As the parade was to pass close by our condo, we decided to bring two chairs and a beach umbrella for the shade up to the street, and strategically position ourselves for optimum photo-taking. As each float passed, its participants danced and drank their favourite beverage to whatever recorded music blared from the back of the vehicle. It was hard not to get caught up with the party spirit and we raised our (open) beer cans to many who passed! Later we followed the line of spectators to the caves 45 minutes away. Parking ourselves at a table where we could order beer, wine and food, we felt so at home and happy to be a part of this event. A band played traditional and modern music and many were dancing. Under a warm Spanish sun and caught up in the moment, we joined the locals, young and old, to move to the beat.

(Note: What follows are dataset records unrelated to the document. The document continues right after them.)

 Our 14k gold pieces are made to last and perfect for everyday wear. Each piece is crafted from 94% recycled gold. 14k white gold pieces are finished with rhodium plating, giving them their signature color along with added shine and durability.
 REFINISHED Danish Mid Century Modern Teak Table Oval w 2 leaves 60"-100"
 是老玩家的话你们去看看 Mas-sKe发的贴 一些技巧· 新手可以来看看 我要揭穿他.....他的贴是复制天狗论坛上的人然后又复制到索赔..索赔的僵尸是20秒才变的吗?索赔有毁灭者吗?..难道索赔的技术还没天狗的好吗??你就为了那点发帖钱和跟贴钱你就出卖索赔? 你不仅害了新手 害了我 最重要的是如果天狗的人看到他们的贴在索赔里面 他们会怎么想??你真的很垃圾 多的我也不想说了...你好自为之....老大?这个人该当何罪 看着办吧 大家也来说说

Dancing in the plaza to celebrate San Isidro--we had to join in!
Dancing in the plaza to celebrate San Isidro--we had to join in!

The day before we left Spain, I met with my Spanish conversation group one last time. Our discussion was of the perils and pleasures of travel in Morocco and as we shared our travel adventures (in spanish, of course), I realized how much I was enjoying their company and how much I would miss this. I spoke at length with a British woman who had moved to a small hill town above the coast about the trials and tribulations of living abroad. She confessed it was difficult to integrate into the Spanish society, mainly due to the language barrier. But the people were always warm and helpful and she has not regretted leaving England. Len and I have been musing about whether we would ever return here for a longer stay and hearing her talk positively of her Spanish community made the idea even more enticing. Afterwards, Frank, Karin and I met Len at the Café Almeda for some wine and tapas. Such lovely people, they have much in common with us and our conversation (in english now) was lively. I feel blessed to have met them and will remain in touch.

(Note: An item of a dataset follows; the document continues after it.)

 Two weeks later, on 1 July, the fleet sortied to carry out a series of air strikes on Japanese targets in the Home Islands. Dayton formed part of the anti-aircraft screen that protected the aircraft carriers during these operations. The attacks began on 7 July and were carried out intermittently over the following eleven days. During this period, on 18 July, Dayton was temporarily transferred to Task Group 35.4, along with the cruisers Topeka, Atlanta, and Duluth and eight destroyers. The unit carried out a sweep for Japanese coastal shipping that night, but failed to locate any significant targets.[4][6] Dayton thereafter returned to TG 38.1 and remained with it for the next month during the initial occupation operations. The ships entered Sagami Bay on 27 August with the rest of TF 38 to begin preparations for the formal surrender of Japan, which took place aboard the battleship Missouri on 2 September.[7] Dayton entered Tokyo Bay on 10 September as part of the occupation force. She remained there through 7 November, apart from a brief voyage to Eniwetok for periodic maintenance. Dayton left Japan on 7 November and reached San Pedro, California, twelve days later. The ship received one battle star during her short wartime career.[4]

One month in Nerja has come and gone and it was the perfect experience. While I did not "write" my children's book, the time here did help me sort out my goals and ideas and will make writing easier when I get back home. And I learned a lot about myself in Nerja--that I like "slow travel", afternoon siestas, learning and speaking spanish, small plates (aka tapas) and cervezas for lunch, watching the sun rise with no one around, that my best thoughts and ideas come first thing in the morning, and that the only thing in the way of achieving a goal is oneself! Our time in Nerja has reaffirmed that I have a loving husband and great travel partner, whose unconditional support made this dream of "slow travel" possible. I am so glad he decided to come with me. Nerja has much to offer for both of us-- and we believe we will be back for a longer stay.